My son was in the first class at Maiden High School to be inducted into the Beta Club as sophomores. I watched as a finger pointed at me from across the gym that day.

“David Painter said, ‘You know if you made it, your mom would be here’.” Both sets of eyes scanned the parents side of the stands. I don’t remember which one of them spotted me first or why they would assume I was there to see my son enter the Beta Club. After all, even way back then, I worked for a newspaper. I could have been there taking photos.

But they were right. I was there to see my son become a Beta.

We had plans for his college future and plans for paying for it. What we couldn’t plan for was what would come at and after graduation in the 1990s.

MHS graduation was outside on the football field.
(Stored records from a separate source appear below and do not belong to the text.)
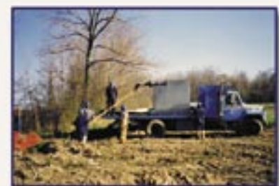
Portable Pipeline Blowdown Separator/Silencer
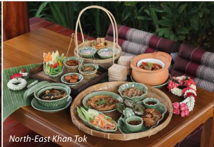
North-East Khan Tok
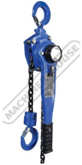
Main View Handle Down

It was June. Ronnie had turned 18 near the end of March. He was going to be on the starting offensive team for Charleston Southern’s first football team. He had picked Charleston Southern because one of its coaches had graduated from Maiden. He knew Ronnie’s skills.

There was a lot of family there to watch Ronnie get his high school diploma. When an ambulance began backing up to the stands, I was saying a big prayer under my breath.

“Please don’t let this be anything that will upset Ronnie’s graduation.” So many things had worked that way before. The ambulance took my son’s father out of the ceremony and flew him to Richmond, Va. He had been released from the hospital that day after a kidney transplant.

Ronnie canceled his senior beach trip. His dad died two days after graduation. I hurried to get Ronnie to the Social Security office so college could still be a reality. The person we talked to at that office said that since Ronnie had turned 18 already, Social Security would not help with his college education.

We were on our own. Six months later, Ronnie’s biggest fan, my dad, died on Christmas Day.

Ronnie made it through two years of college, came home one day and said, “I have to drop out. I just can’t make it with the money like it is.”

It broke my heart. It would have broken my dad’s heart, too. There were few times I saw my dad cry, but I saw him drop lots of tears when something bad happened to my son. We cried together after a doctor told us Ronnie had tuberculosis. He didn’t have it.

In August 2001, Ronnie was at my house telling me he’d found a way to finish his bachelor’s degree. He tried to soften the blow by starting, “There’s no fighting going on anywhere in the world right now that would ever affect me.”

Nooooo. I knew what was coming next. The Army. I was still trying to talk him out of it when the Twin Towers fell. I have a photo of him standing at windows at the top of one of the towers when he was about 11. A month didn’t pass before he signed up. I feared the worst.

He finished meteorology school at the top of his class after basic training. Each time he finished at the top of the class, the Army put him in another class.

He was finally shipped out to Kuwait, back home, to Fort Benning, Ga., and then … to Iraq. Again, I feared the worst. As he left, he promised me he would come home alive. I had a friend in high school who told me he was going to die in Vietnam, and he did.

Ronnie did come home and with no injuries I can see. He finished him bachelor’s degree but not this month. This month, his daughter, wife and I watched him at Western Carolina University get his master’s degree.

Merry Christmas to me. I’m sure that sight would have brought tears to my father’s eyes.